ContextFlow relies on a sequential mapping pipeline. Each step implements a defined interface, accepting an array of messages and yielding a mutated version of that array.
graph TD
A[ContextSources] -->|Array of Dicts| B(ContextMode)
B -->|Filtered Array| C(Compressor)
C -->|Minified Text Array| D(TokenBudget)
D -->|Truncated Array| E{Metrics Interceptor}
E --> F[LLM Provider]
Sources map external raw data (logs, memory persistence layers, or user text) into the standard message dictionary format ({"role": "...", "content": "..."}).
A heuristic filter. Rather than looking closely at text content, modes make quick categorical decisions. Examples: "Only keep messages tagged 'goal'", "Only keep the last 3 logs".
The heart of deterministic optimization. The compressor loops through message objects and runs text-cleaning logic on the "content" strings. It removes redundant whitespace, LLM pleasantries, and deterministic file noise before tokenization.

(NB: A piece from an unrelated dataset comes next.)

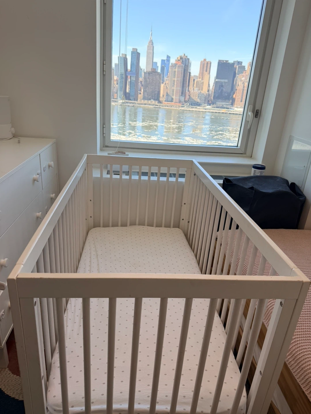 White GAP Baby Crib with Mattress and Fitted Sheet

An explicit boundary enforcer. Interacts closely with the backend Provider's expected tokenizer to ensure the final payload mathematically fits the context window without causing API crashes.
The adapter layer matching the array to the vendor API (e.g., Litellm, OpenAI, Anthropic, Ollama). It handles async networking and returns the final LLM response.
By leveraging these abstractions, users can replace a Compressor without impacting their TokenBudget, or transition from OpenAI to a local Ollama loop simply by registering a different Provider adapter. The pipeline orchestration (pipeline.py) remains static.